To more precisely determine the exact timing of the effect that our pragmatic and phonetic manipulations have on eye movements, we adopted the method introduced by Kingston, Levy, Rysling, and Staub (2016). For each 100 ms time bin from 200 ms to 1200 ms after the onset of the adjective (excluding the first 200 ms because that is the time it takes to plan and launch an eye movement), a logistic regression model was fitted to the proportion of fixations to “p” objects as a function of VOT, pragmatic condition, and their interactions. In addition to the fixed effects, random effects for subjects and items were also included in situations where the models successfully converged. In other words, the same logistic regression model was applied to ten consecutive 100 ms time bins in order to track when the effect of our experimental manipulation shows up. When an effect consistently appeared for a number of consecutive time windows, those time windows were chosen for follow-up analysis. This method, unlike more arbitrary choices about which time windows to analyze, allows us to track incrementally the effects of phonetics and pragmatics; specifically when they arise and whether they persist.

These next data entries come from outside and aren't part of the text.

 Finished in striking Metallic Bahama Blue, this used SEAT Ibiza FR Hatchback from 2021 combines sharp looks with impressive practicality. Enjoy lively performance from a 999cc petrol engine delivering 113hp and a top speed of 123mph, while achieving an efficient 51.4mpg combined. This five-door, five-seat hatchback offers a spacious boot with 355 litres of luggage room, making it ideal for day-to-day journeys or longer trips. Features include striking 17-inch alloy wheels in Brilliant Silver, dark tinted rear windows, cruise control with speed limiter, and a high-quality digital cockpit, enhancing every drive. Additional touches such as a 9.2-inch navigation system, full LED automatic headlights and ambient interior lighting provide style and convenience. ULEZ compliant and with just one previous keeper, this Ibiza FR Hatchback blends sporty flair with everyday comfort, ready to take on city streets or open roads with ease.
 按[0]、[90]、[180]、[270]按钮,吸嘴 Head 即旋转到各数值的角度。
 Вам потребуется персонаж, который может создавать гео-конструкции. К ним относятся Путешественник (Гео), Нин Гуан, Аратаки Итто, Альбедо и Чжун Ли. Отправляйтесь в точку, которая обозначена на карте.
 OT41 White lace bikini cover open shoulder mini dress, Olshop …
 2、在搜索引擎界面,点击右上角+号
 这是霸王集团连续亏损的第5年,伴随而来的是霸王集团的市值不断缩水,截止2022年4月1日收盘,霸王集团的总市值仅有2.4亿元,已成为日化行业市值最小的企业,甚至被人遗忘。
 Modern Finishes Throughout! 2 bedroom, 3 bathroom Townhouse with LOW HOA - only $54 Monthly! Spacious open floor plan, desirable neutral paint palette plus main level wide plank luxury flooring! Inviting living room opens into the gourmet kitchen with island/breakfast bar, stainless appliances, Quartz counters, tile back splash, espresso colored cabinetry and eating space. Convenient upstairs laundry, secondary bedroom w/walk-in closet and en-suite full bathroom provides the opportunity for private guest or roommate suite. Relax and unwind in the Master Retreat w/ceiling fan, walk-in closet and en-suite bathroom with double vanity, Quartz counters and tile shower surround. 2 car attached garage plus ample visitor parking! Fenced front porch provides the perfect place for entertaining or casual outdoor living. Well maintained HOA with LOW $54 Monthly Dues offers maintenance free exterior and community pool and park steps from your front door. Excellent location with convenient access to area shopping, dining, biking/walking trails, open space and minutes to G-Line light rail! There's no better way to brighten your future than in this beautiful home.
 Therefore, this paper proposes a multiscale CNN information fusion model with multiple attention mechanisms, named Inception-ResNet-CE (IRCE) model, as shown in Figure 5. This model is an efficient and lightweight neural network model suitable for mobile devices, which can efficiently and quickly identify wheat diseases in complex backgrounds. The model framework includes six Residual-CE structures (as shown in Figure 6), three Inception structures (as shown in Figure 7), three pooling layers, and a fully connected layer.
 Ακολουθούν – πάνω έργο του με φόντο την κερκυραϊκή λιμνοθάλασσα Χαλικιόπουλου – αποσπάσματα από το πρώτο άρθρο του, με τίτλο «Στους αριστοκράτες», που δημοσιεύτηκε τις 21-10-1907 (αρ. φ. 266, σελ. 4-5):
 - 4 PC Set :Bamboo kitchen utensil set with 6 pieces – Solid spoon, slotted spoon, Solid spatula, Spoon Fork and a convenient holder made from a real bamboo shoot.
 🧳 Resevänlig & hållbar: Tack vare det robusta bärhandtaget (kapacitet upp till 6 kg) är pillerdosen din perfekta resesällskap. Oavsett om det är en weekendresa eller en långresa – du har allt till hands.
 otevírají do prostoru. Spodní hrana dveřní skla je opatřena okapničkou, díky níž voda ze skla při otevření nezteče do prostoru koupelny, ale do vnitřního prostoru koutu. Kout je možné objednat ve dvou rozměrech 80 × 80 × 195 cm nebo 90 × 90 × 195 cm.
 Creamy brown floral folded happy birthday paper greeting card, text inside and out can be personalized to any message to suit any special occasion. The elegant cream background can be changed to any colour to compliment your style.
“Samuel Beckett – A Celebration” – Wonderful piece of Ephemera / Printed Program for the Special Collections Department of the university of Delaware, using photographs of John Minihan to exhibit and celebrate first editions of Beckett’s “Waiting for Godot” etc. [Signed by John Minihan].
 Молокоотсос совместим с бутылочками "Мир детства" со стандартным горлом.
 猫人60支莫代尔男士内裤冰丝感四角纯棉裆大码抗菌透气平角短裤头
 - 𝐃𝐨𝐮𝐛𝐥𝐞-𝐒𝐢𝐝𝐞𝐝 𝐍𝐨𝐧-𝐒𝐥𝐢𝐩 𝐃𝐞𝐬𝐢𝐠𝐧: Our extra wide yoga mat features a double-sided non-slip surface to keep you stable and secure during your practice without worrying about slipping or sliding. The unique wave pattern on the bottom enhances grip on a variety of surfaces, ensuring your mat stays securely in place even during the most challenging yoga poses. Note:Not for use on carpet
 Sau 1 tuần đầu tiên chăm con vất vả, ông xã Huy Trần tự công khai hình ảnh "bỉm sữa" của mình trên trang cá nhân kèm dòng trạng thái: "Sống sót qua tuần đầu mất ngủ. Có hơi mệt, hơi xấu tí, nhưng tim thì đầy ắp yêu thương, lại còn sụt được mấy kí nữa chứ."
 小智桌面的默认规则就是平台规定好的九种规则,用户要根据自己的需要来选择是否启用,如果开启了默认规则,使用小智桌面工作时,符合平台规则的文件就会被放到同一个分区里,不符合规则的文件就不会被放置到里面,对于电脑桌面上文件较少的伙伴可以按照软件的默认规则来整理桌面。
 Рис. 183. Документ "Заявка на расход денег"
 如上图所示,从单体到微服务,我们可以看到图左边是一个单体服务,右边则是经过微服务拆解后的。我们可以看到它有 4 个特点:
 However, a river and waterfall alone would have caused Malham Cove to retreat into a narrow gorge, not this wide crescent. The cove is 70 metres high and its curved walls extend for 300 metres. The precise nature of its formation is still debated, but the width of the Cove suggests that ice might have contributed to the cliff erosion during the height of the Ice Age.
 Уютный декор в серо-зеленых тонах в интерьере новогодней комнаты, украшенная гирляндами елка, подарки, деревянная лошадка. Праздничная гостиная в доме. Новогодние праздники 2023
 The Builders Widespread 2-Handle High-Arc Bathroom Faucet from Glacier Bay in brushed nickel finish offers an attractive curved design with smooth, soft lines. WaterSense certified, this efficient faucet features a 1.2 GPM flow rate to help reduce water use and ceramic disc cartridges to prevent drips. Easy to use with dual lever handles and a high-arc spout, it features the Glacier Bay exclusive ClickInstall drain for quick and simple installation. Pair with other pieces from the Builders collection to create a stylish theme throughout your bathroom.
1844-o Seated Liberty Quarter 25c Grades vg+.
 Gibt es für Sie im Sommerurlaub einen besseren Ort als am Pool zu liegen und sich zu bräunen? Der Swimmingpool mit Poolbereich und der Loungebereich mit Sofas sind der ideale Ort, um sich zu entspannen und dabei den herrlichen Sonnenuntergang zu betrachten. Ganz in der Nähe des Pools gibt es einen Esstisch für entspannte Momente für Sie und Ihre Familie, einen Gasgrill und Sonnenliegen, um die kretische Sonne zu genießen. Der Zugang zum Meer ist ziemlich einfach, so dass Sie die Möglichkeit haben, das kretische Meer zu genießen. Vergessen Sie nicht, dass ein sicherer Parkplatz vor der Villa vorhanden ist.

For each of the 100 ms time bins, when a logistic regression model was fitted to the data, VOT was set up as a continuous variable in the model, and the three conditions with different visual displays were treatment coded, such that the NC condition was the baseline reference (i.e., the intercept) in the model, and the CB and CP conditions were compared to it. The model output would contain coefficients for a number of different effects (for an example output of such models, see Table 1 below). Since our aim was to investigate whether pragmatic contrast has an effect on speech perception in addition to the acoustic cues (VOT), we were primarily interested in the interaction of the pragmatic conditions (CB/CP) with VOT, and the effect of VOT itself. Figure 4 plots the coefficients from the model outputs, for the critical effects (VOT step, CB:VOT, CP:VOT) in each time bin. Instead of plotting the raw values of these coefficients, we plotted the z value for each coefficient. Using Bonferroni correction to correct for up to 10 multiple comparisons, the corrected p value is 0.005, and the corresponding z value is 2.58. Therefore we used |z|>2.58 as a criterion to indicate a significant effect. As expected, the VOT effect starts to become significant in the very early time bin 200–300 ms (z value = 3.14), gets larger during the 500–600 ms time bin, and continues until the end. The CP:VOT interaction, on the other hand, only starts showing a significant effect at a late time bin (900–1000 ms bin, z value = 3.03), with this effect continuing until the end of the trial. The CB:VOT interaction shows no significant effect.

Table 1

Parameter estimates, standard errors, z values, and p values from a logistic regression model of the proportion of looks to the “p” objects in the 200–1200 ms time window.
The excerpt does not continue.